If you see a green check `✔︎`, the board is properly detected. 
If you see a red cross `x`, manually install the pack as described above.

#### A permissions issue with PyOCD: "No available debug probes are connected"

If running the following command results in an error:

`pyocd list`

`No available debug probes are connected`

but your STM32 device is visible via `lsusb`, this may be due to **missing USB permissions**.

#### Follow these steps to fix the issue : 

- Create a new udev rule:

  `sudo nano /etc/udev/rules.d/50-st-link.rules`

- Paste this content:

  `SUBSYSTEM=="usb", ATTR{idVendor}=="0483", ATTR{idProduct}=="374b", MODE="0666"`

- Reload udev and trigger:

  `sudo udevadm control --reload-rules`

  `sudo udevadm trigger`

- Unplug and replug your STM32 device.

- Try again:

  `pyocd list`

  You should now see your board listed.

---

### Using the benchmark

From the `aidge_core/benchmark` directory, you can run benchmarks with the following commands:

#### Compare with ONNXRuntime (compute_output)

`aidge_benchmark --config-file ./operator_config/relu_config.json --modules aidge_export_arm_cortexm --results-directory results`

#### Inference time measurement (measure_inference_time)

`aidge_benchmark --config-file ./operator_config/relu_config.json --modules aidge_export_arm_cortexm --results-directory results --nb-iteration 20 -t`

---

### Important notes
#### Serial Port: "Permission denied: '/dev/ttyACM0'"

If you see an error like this when trying to flash :

`Error connecting to serial port: [Errno 13] could not open port /dev/ttyACM0: [Errno 13] Permission denied: '/dev/ttyACM0'`

This usually means your user doesn't have the right permissions for serial access.

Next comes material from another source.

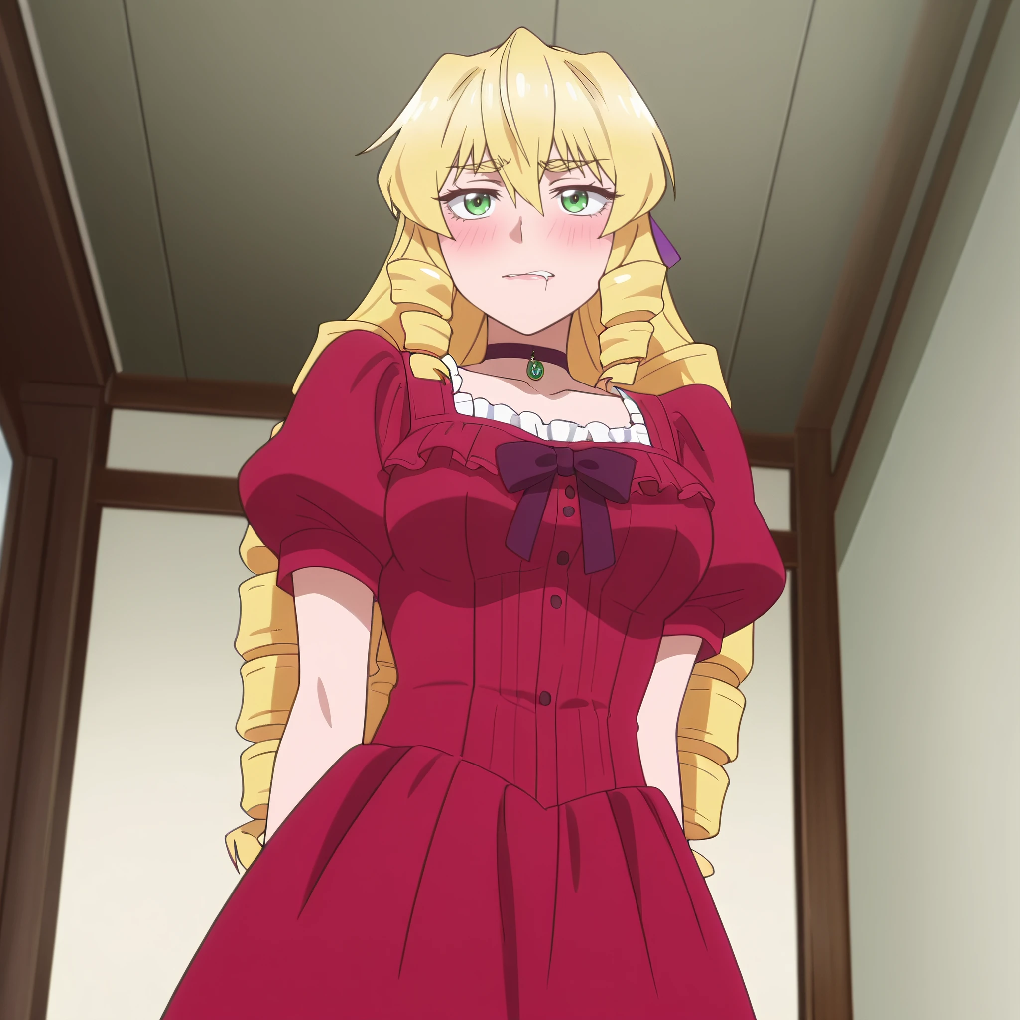 GraceFrilledDress, dress, bow, hair blow, choker, collarbone, frills, ringlets, ribbon, short sleeves, red dress, puffy sleeves,

For fix that you have to add your user to the `dialout` group : 

`sudo usermod -a -G dialout $USER`

Then Restart your terminal for the change to take effect


#### Capture timeout and longer UART output

- When measuring inference time using multiple forward calls, capture times may increase. To avoid premature interruption of the capture process, it is important to increase `uart_capture_duration` in the `board_config.json` accordingly (e.g., from 30s to 60 or more),


#### Retrying flash in case of UART failure

- The flashing process now includes a retry mechanism:  
  if the UART output file is missing or empty, the firmware is reflashed up to **5 times by default** (this can be changed via the `MAX_RETRIES` constant in the code).
  
- This improves robustness against rare flashing issues caused by the `pyOCD` library, where firmware may not start correctly despite successful flashing.
- A special **end keyword** (default: `"DEMO END"`) is now expected in the UART output to determine when inference is complete and to stop UART capture.

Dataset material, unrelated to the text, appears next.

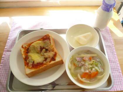 今日の献立は、ピザトースト、ヌードルスープ、梨、牛乳です。
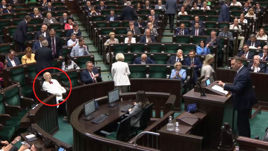 Gdy Przemysław Czarnek odbywał swój emocjonalny wywód, Janusz Korwin-Mikke (partia Konfederacja Wolność i Niepodległość) wygodnie rozłożył się w fotelu i wyglądał tak, jakby spał. Najwidoczniej przemówienie ministra zbytnio go nie poruszyło.

- The file `uart_output.txt` is automatically generated during execution and placed in the `export_folder`.
- An `export_log.log` file is generated at compilation to store the build logs.
- The `board_config.json` file is essential for configuring board flashing. When testing dimensions like `[16]`, you must increase `uart_capture_duration` to at least `60` or more.

---

### Limitations

#### 1. **Memory limitations (RAM / Flash)**

- From dimensions like `[32, 32, 32, 32]` (e.g., for ReLU), compilation errors or RAM/Flash overflows may occur.
- It is recommended to stay within maximum dimensions of `16`, such as `[1,1,1,1]`, `[4,4,4,4]`, or `[16,16,16,16]`.

#### 2. **Instability during consecutive flashes**
- If the firmware does not start correctly or no UART output is captured, the system retries flashing.
- You can modify the number of attempts by adjusting the `MAX_RETRIES` constant in the code.
A known issue exists when running the program on the STM32 board multiple times in sequence or with a large `.elf` file.

- When running multiple benchmarks consecutively, the STM32 may not execute the firmware correctly, even if flashing appears successful.
- The UART remains silent (`uart_output.txt` is empty), requiring several attempts until the UART finally outputs expected values.
---

### Recommendations

- **Avoid running benchmarks consecutively in the same session.**
- **Separate different tensor dimensions into different JSON config files.**
- Running benchmarks **individually** helps reduce flashing failures.
- Increase `uart_capture_duration` when working with large output tensors.

## License

Aidge has a Eclipse Public License 2.0, as found in the [LICENSE](LICENSE).